───── Data excerpt ─────
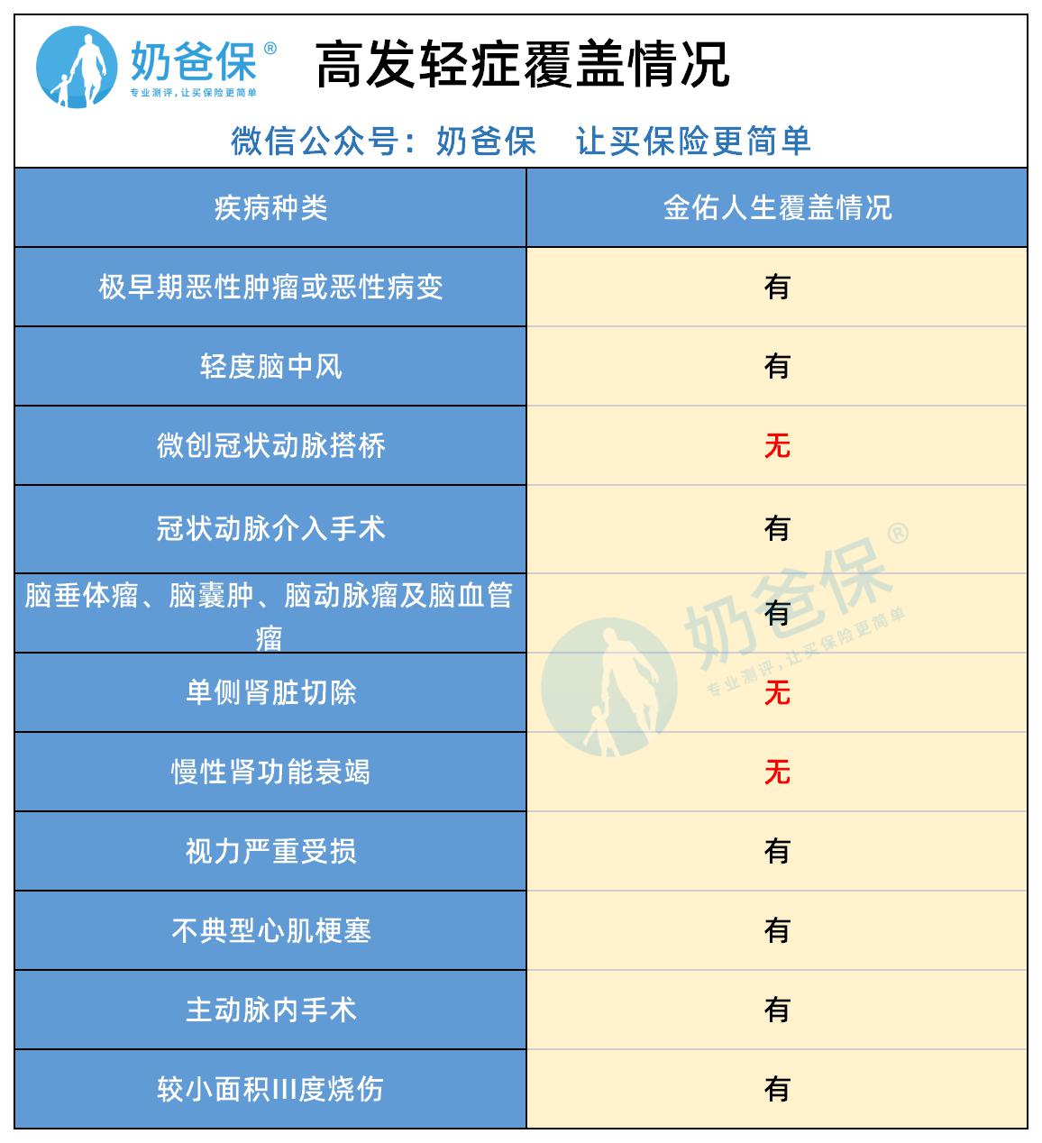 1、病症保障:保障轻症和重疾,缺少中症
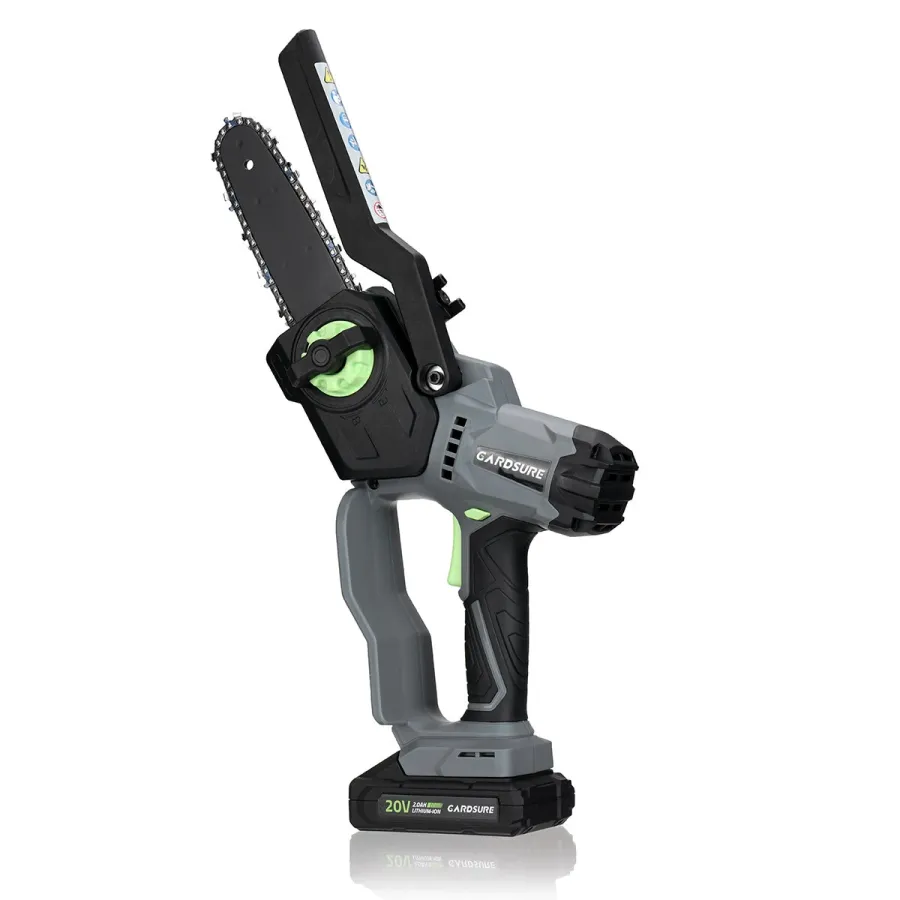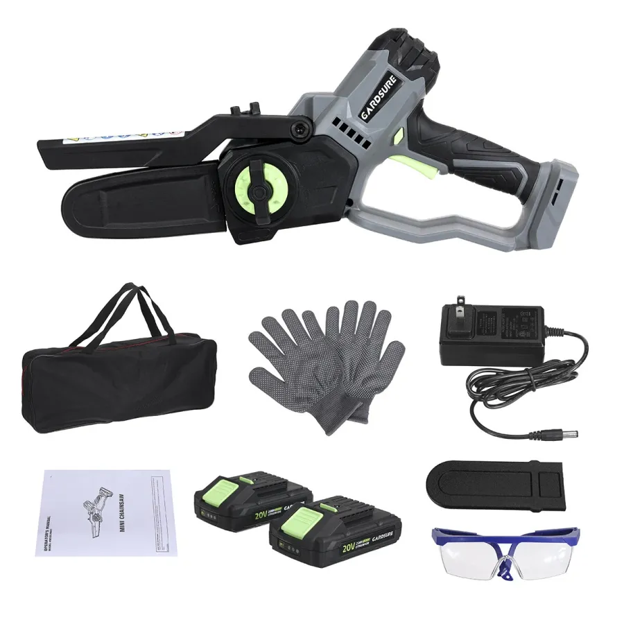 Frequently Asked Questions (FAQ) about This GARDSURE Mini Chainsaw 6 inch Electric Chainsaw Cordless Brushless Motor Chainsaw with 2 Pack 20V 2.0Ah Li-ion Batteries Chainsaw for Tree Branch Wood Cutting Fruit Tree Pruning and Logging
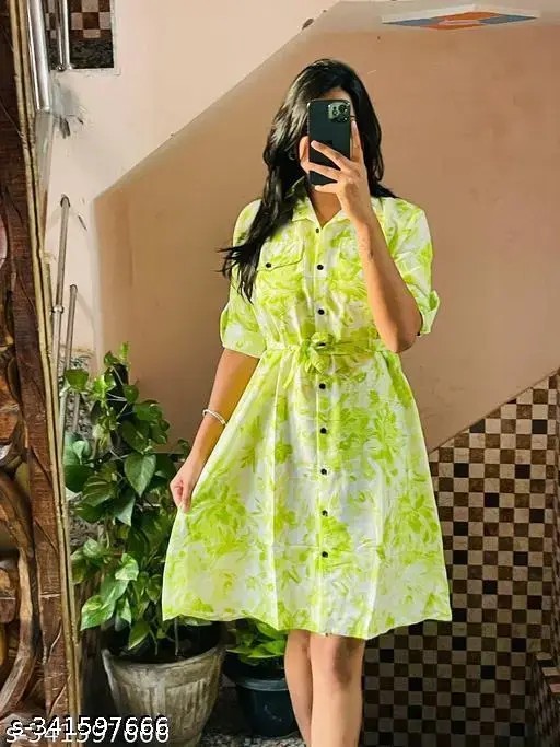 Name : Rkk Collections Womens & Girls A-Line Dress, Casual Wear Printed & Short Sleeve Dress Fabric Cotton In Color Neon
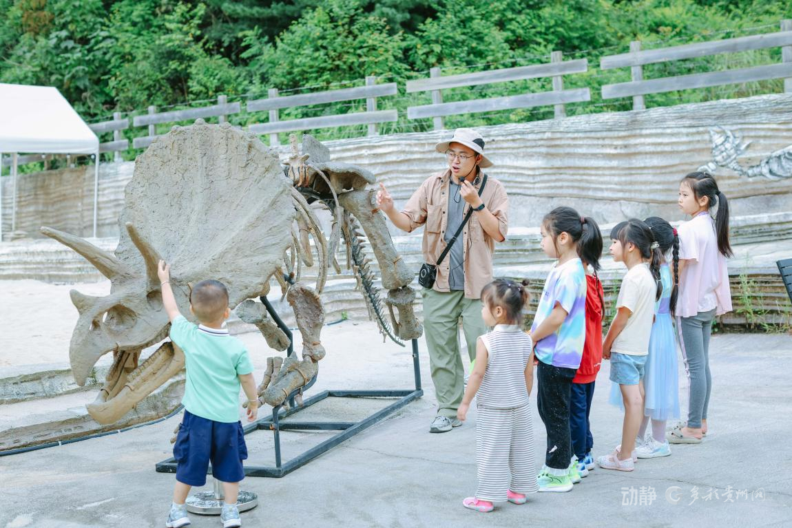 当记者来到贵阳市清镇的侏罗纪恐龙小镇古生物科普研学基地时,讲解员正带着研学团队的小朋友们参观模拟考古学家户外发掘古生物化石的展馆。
─────
**Problem description**
With the pictures left out, transcribe the material exactly.

**Response to this task**
 1、病症保障:保障轻症和重疾,缺少中症
 Frequently Asked Questions (FAQ) about This GARDSURE Mini Chainsaw 6 inch Electric Chainsaw Cordless Brushless Motor Chainsaw with 2 Pack 20V 2.0Ah Li-ion Batteries Chainsaw for Tree Branch Wood Cutting Fruit Tree Pruning and Logging
 Name : Rkk Collections Womens & Girls A-Line Dress, Casual Wear Printed & Short Sleeve Dress Fabric Cotton In Color Neon
 当记者来到贵阳市清镇的侏罗纪恐龙小镇古生物科普研学基地时,讲解员正带着研学团队的小朋友们参观模拟考古学家户外发掘古生物化石的展馆。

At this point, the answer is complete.